Pubdate: Thu, 10 Nov 2016
Source: Province, The (CN BC)
Copyright: 2016 Postmedia Network Inc.
Contact:  http://www.theprovince.com/
Details: http://www.mapinc.org/media/476
Author: Gordon Clark
Page: A14

WE NEED MORE STUDY ON LINK BETWEEN POT, PSYCHOSIS

Canadians, especially lawmakers, gleefully rushing headlong to
legalize marijuana should pause to consider the heartbreaking stabbing
death of 13-year-old Letisha Reimer, as innocent a crime victim as one
can imagine.

Gabriel Brandon Klein, the 21-year-old homeless man from Alberta
charged with second-degree murder in the death of the Abbotsford
Senior Secondary School student, and aggravated assault in the
non-fatal stabbing of a 14-year-old girl in the Nov. 1 attack, was a
heavy pot smoker who recently "became manic, paranoid and frightened,"
some of his friends told CBC.

Nathaniel Spidell, 23, told a CBC reporter that Klein believed "he'd
smoked pot that had been tampered with acid, and began acting very
strange, talking about leaving Canada, and trusting no one."

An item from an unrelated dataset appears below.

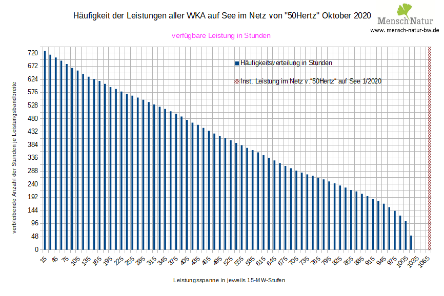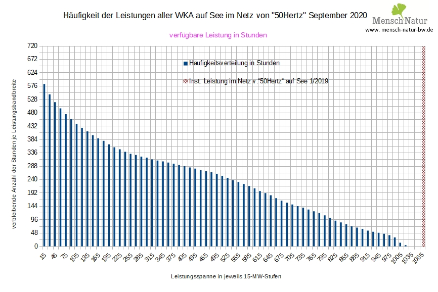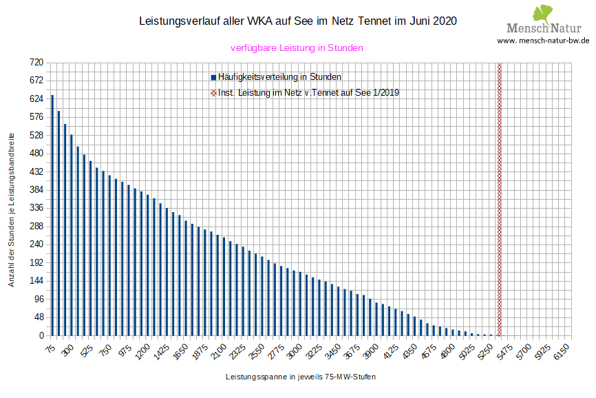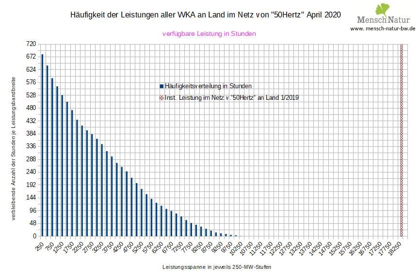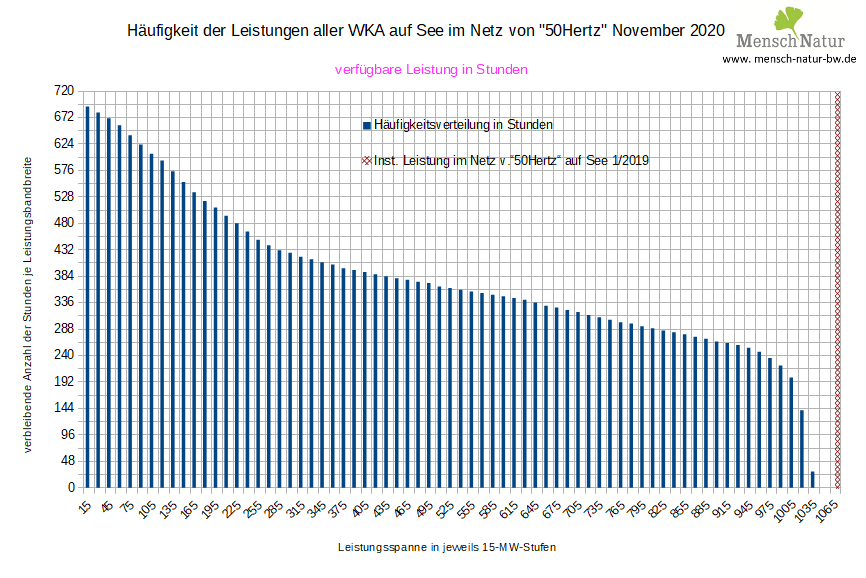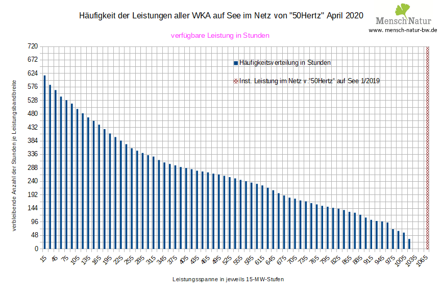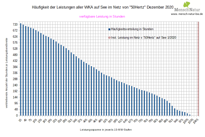 Häufigkeitsverteilung über die monatliche Gesamtstunden mit verfügbaren Leistungsstufen in Stunden Land / See
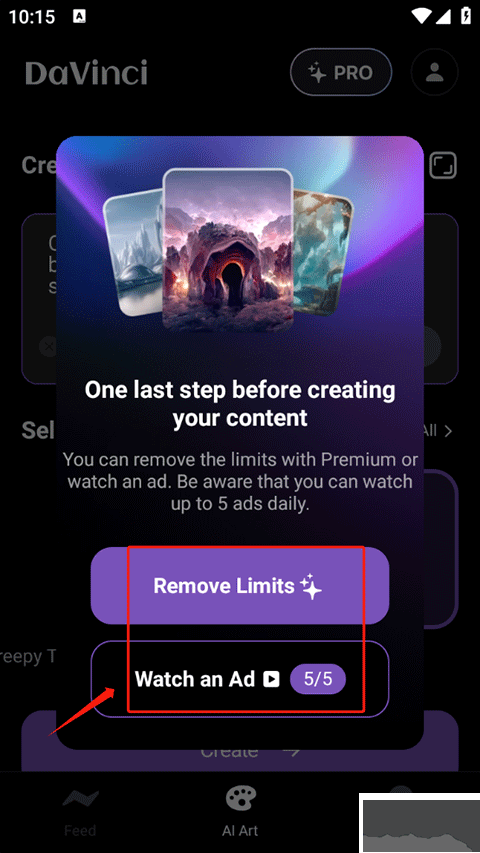 4、如果您充值了會(huì)員,就點(diǎn)擊 Remove Limits 生成,要是沒(méi)有充值,就點(diǎn)擊下面的觀看廣告來(lái)獲取生成機(jī)會(huì)。

"Everything went downhill after that. He wasn't the same person,"
Spidell told the reporter, expressing shock that his "best friend,"
who he couldn't imagine being violent, had been charged with murdering
a young girl. "He never carried weapons at all. He was just a stoner.
He loved his mom."

"People are labelling him as some monster now and that's just not the
person I knew," another friend, Jordan Reid, 23, told CBC.

There is an implication in the comments of Spidell, Reid and other
people Klein knew who spoke to other media outlets, that the accused
was just another happy hempster - "just a stoner" - as if that made
the act he is accused of committing even more surprising.

No one seems to be noticing or discussing what to me seems obvious -
that Klein's heavy use of marijuana, well known to induce psychosis,
especially in young people, may have led directly to Reimer's
unspeakably tragic death.

Klein's mental state, according to the last reports, has not yet been
examined by a psychiatrist and so we don't know if his heavy marijuana
use is a factor in the crime for which he is accused. But
marijuana-linked psychosis is now commonly noted by forensic
psychiatrists in reports written for the courts involving accused with
mental illness. And every time governments move to liberalize
marijuana laws, doctors and other health experts warn about the
dangers, especially to the health of young people and their developing
brains, of making pot more freely available.

The Schizophrenia Society of Canada notes an "accumulating body of
evidence has suggested that there is an association between some youth
who use cannabis regularly and enduring psychosis. Several recent
studies suggest that frequent cannabis use during adolescence is
associated with a clinically significant increased risk of developing
schizophrenia and other mental illnesses which feature psychosis."

While the society noted that more research is needed to better
understand the link, why are we risking the health of children - and
potentially future violent acts linked to psychosis, even if they are
rare - by removing the prohibitions on marijuana? Surely we should be
asking those questions before legalizing pot. Certainly those who like
to get stoned or who make a lot of money off the sale of pot - the
ones pushing the pro-marijuana agenda - are not.

The experience of liberalized marijuana laws and access in Colorado
show that the proportion of young people using pot and the subsequent
adverse affects in terms of hospitalizations, impaired driving and
school attendance all rise, not drop, after prohibition ends.

In an interview with 60 Minutes aired Oct. 30, Dr. Steven Simerville,
medical director of the newborn intensive-care unit at St. Mary-Corwin
Medical Centre in Pueblo, Colo., noted the rise in babies being born
with THC, the psychoactive chemical in marijuana, in their blood.
Babies exposed to marijuana in utero are at risk of developing verbal,
memory and behavioural problems in childhood, reported 60 Minutes
correspondent Dr. Jon LaPook.

"This drug has been shown to cause harm in developing brains," said
Simerville, who opposes legalized recreational pot. "You need to be
able to protect babies and you're going to need to protect teenagers,
and by teenagers, or developing brains, you have to take in mind that
marijuana potentially permanently affects brain growth until people
are 25 or 30."

Politicians jumping on the feel-good, aren't-we-hip, "no one should
ever say anything is wrong or tell others what to do" bandwagon of
self-indulgence around marijuana use should reconsider whether having
an increasingly stoned populace is great policy. The friends and
family of Letisha Reimer likely are.